• _Provided entries_:
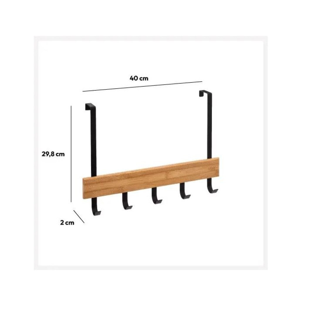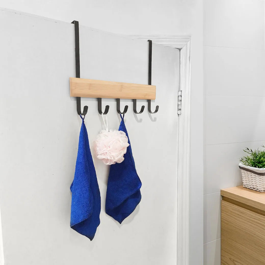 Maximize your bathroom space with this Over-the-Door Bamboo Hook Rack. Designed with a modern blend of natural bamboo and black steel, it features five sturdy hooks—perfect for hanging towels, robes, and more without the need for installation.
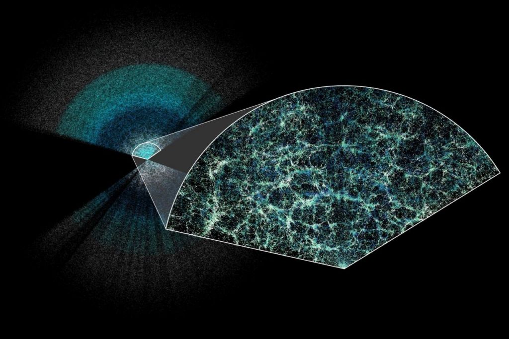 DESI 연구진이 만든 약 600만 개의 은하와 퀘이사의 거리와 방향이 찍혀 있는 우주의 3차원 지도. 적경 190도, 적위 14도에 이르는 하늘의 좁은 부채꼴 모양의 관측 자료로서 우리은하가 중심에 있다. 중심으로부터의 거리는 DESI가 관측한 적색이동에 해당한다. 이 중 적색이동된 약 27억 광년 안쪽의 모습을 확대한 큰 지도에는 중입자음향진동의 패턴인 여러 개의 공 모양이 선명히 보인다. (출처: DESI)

* * *

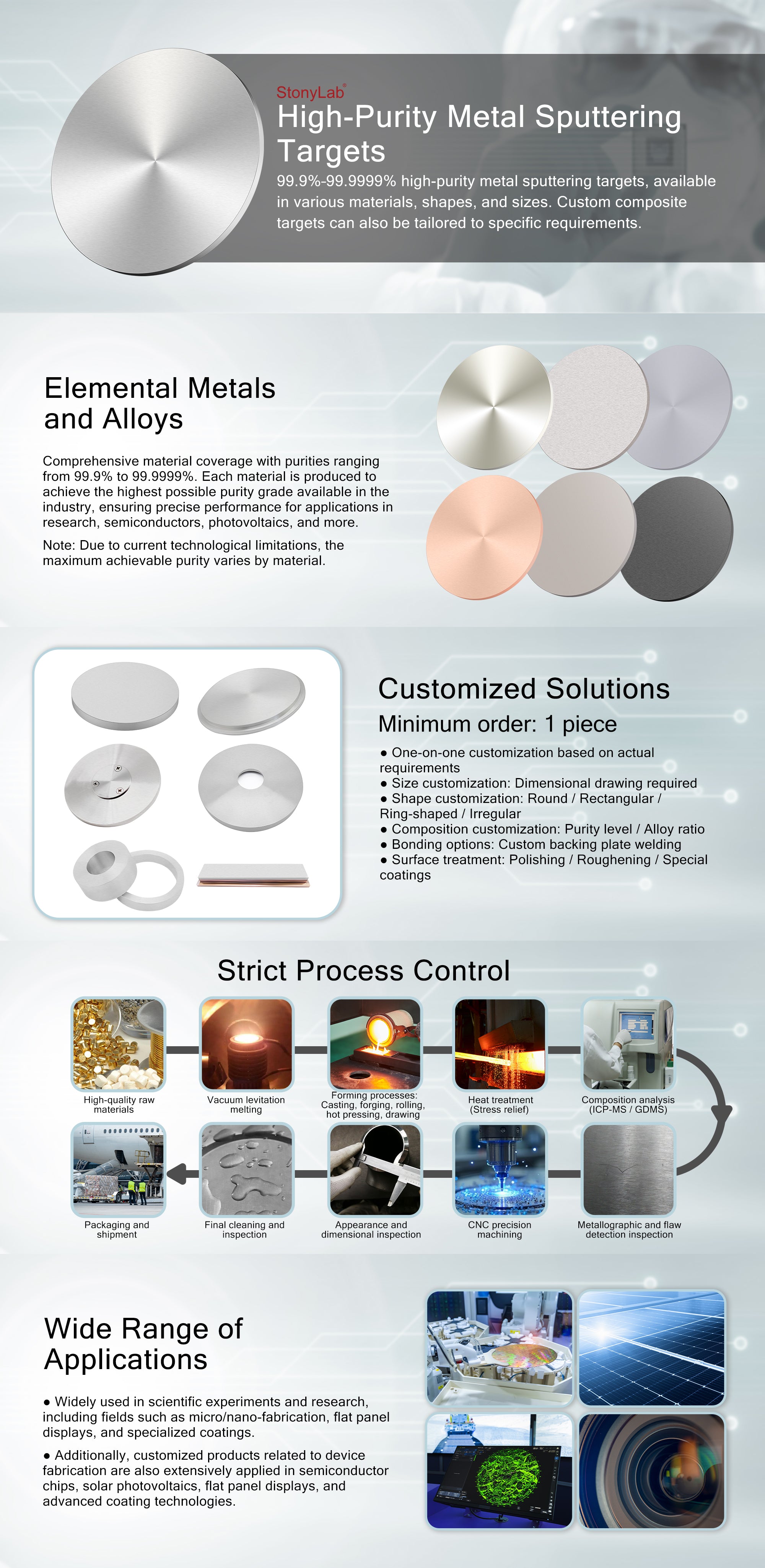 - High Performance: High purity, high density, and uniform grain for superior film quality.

• _Task item_:
Your reply should hold nothing but the lines above, from the one containing "Maximize your bathroom" to the one containing "DESI 연구진이 만든", reproduced exactly minus the pictures.

• _Response to the task_:
 Maximize your bathroom space with this Over-the-Door Bamboo Hook Rack. Designed with a modern blend of natural bamboo and black steel, it features five sturdy hooks—perfect for hanging towels, robes, and more without the need for installation.
 DESI 연구진이 만든 약 600만 개의 은하와 퀘이사의 거리와 방향이 찍혀 있는 우주의 3차원 지도. 적경 190도, 적위 14도에 이르는 하늘의 좁은 부채꼴 모양의 관측 자료로서 우리은하가 중심에 있다. 중심으로부터의 거리는 DESI가 관측한 적색이동에 해당한다. 이 중 적색이동된 약 27억 광년 안쪽의 모습을 확대한 큰 지도에는 중입자음향진동의 패턴인 여러 개의 공 모양이 선명히 보인다. (출처: DESI)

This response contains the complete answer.